On the one hand, when a story has a genuine twist like that, preserving the experience is of paramount importance to me. But on the other hand, when I read this landmark piece about “anti-spoiler paranoia” by ex-AV Club editor Todd VanDerWerff a few months back, I pretty much agreed with it. The gist of VanDerWerff’s point was that plot is but a tiny piece of what makes up great art, and to view a work as substantial as Breaking Bad, to use his example, as being “ruined” if you happen to know what happens in the final thirty seconds of it is to do a serious disservice to that work, and perhaps just as importantly, to stifle the discourse the work might otherwise generate.
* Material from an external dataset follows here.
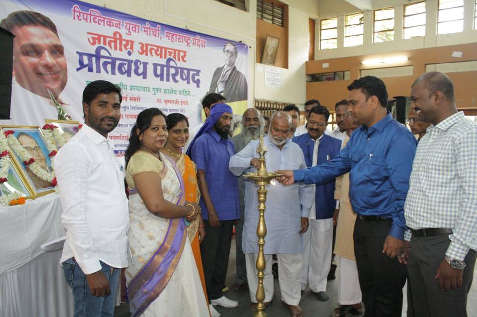 पुणे- तंटामुक्त अभियान राबविले … स्वच्छता अभियान राबविले … आता जातीय अत्याचार मुक्त गाव -शहर असे अभियान राबवा अशी मागणी आज येथे रिपब्लिकन युवा मोर्चाचे राहुल डंबाळे आणि आज येथे झालेल्या जातीय अत्याचार प्रतिबंध परिषदेच्या स्वागताध्यक्षा सुवर्णा डंबाळे यांनी पुन्हा एकदा केली … सोमवार पेठेतील गाडगेमहाराज धर्मशाळेत झालेल्या या परिषदेस ज्येष्ठ कामगार नेते कृष्णाजी इंगळे तसेच भाई विवेक चव्हाण आणि दलित समाजातील असंख्य मान्यवर कार्यकर्ते उपस्थित होते .. पाहू यात यावेळी डंबाळे नेमके काय म्हणाले ….

So, to make a long story short, for the first time, I’ve chosen to deliberately avoid a piece of alleged Episode VII plot information. Other pieces may follow; it’s just impossible to know at this point. But I thought this would be a good opportunity to carve out a little space for those of us who don’t flee in terror from every Episode VII news item—you know, that friend of yours who yelled at you for showing them that first black-and-white cast photo—but also respect the sanctity of a well-earned surprise now and then. So having said all that, here is what I believe does and does not constitute a spoiler:
- Darth Maul kills Qui-Gon
- Order 66
- Palpatine defeats Yoda
- Vader kills Obi-Wan
- Vader is Luke’s father
- Vader kills the Emperor
I’m sure this particular list could be debated until the end of time, but in my opinion, these are the things that a person with no foreknowledge probably wouldn’t expect to happen during the course of the six existing films—or at least would be caught off-guard by (I debated adding “Sidious is Palpatine” to the list, but c’mon). Notice what’s not on there? Both Death Stars, Maul’s death, Dooku’s death, Tarkin’s death, and Anakin’s fall, to name a few. Even Anakin’s fall—or, say, Lando’s betrayal at Cloud City—is, despite being surprising to the characters, telegraphed clearly enough that a moviegoer of average intelligence would at the very least have a hint that something was wrong here.
You’re meant to feel uneasy about Cloud City, even if you can’t tell exactly what’s coming. You’re meant to sense that Anakin is drifting off the reservation, whether or not you realize Palpatine’s true motives. So to me, knowing those particular details going into their respective films isn’t the end of the world. Likewise, despite being one of the greatest pulse-pounding climaxes in movie history, everyone knows, I think, at some innate archetypal level, that Luke is going to blow up the Death Star—because that’s how these stories work.
So I guess what I’m saying is, a spoiler to me is something that goes against what you feel is going to happen. It’s not about plot details, it’s about a sudden shift in the dramatic weight of the story. And if I can manage to avoid those, “so-and-so goes to Planet X and fights Robot Y” doesn’t bother me. It’s Star Wars; that’s how it works.